‘The idea that we can somehow measure “the thing that matters most” is quite absurd’
As he appeals to the British public to vote him in as prime minister, the leader of the opposition proposes collecting new data to provide a better picture of how the country is doing. “Wellbeing can’t be measured by money or traded in markets,” he says. He adds, “We measure all kinds of things but the only thing we don’t measure is the thing that matters most.”
All of the preceding paragraph is true, except for one detail: the first quotation is from David Cameron, then leader of the opposition, in 2006. The second is from Ed Miliband, the current leader of the opposition, a couple of weeks ago. Both men are united, it seems, by a feeling that the most familiar economic measuring stick, GDP (Gross Domestic Product), just isn’t up to the job. Cameron wanted to gather data on wellbeing or happiness; Miliband wants a “cost of living” index. Few reasonable people can object to gathering timely and authoritative economic and social statistics, yet Miliband and Cameron have managed the impressive feat of being cynical and naive at the same time.
The cynical motives in both cases are plain enough — as were, for example, Nicolas Sarkozy’s when, as French president, he commissioned some alternative economic measures that just happened to be more flattering to France. As the leader of a party with a reputation for liking free markets and low taxes, Cameron wanted to soften his image and suggest a broader, more caring perspective. Miliband is trying to replace a government that is presiding over a sudden uptick in GDP, so naturally he wishes to point the spotlight somewhere else.
The naivety requires more statistical digging to uncover, and it’s in three parts. The first point is that many of these data already exist. The Office for National Statistics asks questions about wellbeing as part of the Labour Force Survey. The ONS also publishes regular data on inflation, while wage data are in the Annual Survey of Hours and Earnings. Neither Cameron nor Miliband was really asking the statisticians at the ONS to do something new, just to do it more often or in more detail.
The second point is that no mainstream politician has ever regarded GDP (or its cousin Gross National Product) as the only worthwhile policy objective, although we are often invited to draw that conclusion. Robert Kennedy’s famous complaint that GNP counts “napalm” and “nuclear warheads” but not “the health of our children” or “the strength of our marriages” was wonderful rhetoric — but surely nobody believes that if only the statisticians had collected different data, divorce would be prevented and the Vietnam war would never have happened.
An acerbic comment in Nature last year complained that, “Despite the destruction wrought by the Deepwater Horizon oil spill in 2010 and Hurricane Sandy in 2012, both events boosted US GDP because they stimulated rebuilding.” But this is only a problem if the Deepwater Horizon spill was in some way caused by the collection of GDP data.
If politicians truly sought to maximise GDP they would immediately abolish all planning restrictions, all barriers to immigration and a good chunk of the welfare state. These ideas are political suicide, which proves that GDP is not the sole objective of public policy — it’s just a way to try to measure the size of the economy.

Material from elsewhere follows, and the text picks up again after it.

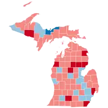 | Shiawassee | 16,881 | 46.06% | 19,407 | 52.95% | 363 | 0.99% | -2,526 | -6.89% | 36,651 |

The deepest piece of naivety is the idea that — in Ed Miliband’s words — we can measure the one single “thing that matters most”. ONS data on median wages are a case in point. According to one measure, the median wage for people in full-time employment rose just 0.1 per cent in the past tax year — well below the rate of inflation. According to another way of calculating exactly the same number, median wages rose by 4.1 per cent, well above the rate of inflation. (The median is the wage earned by someone slap in the middle of the sample.)
How can that be? The lower measure is the median for the entire sample. The higher measure looks at the median wage of people who’ve been in the same job for the entire year — the vast majority. The two numbers would differ if — for example — some high-income people retired and some low-income people joined the labour force (school-leavers? immigrants?). It’s possible for most people to enjoy a decent pay rise while median wages stagnate, and that may be what is happening now. One rather narrow question — “how are things going for people in full-time employment in the middle of the income distribution?” — turns out to have two very different answers. Each one is perfectly justifiable.
We haven’t even got into questions of part-timers, the self-employed, the poorest, the richest, pensioners or benefit recipients. The idea that we can somehow measure “the thing that matters most” is quite absurd.
It’s the duty of our official statisticians to provide a range of timely and objective statistics that will lead to better decisions. That is why so many different types of data must be gathered, analysed and published. It is a hard job, which is why the ONS has better things to do than help our schoolboy politicians score points off each other.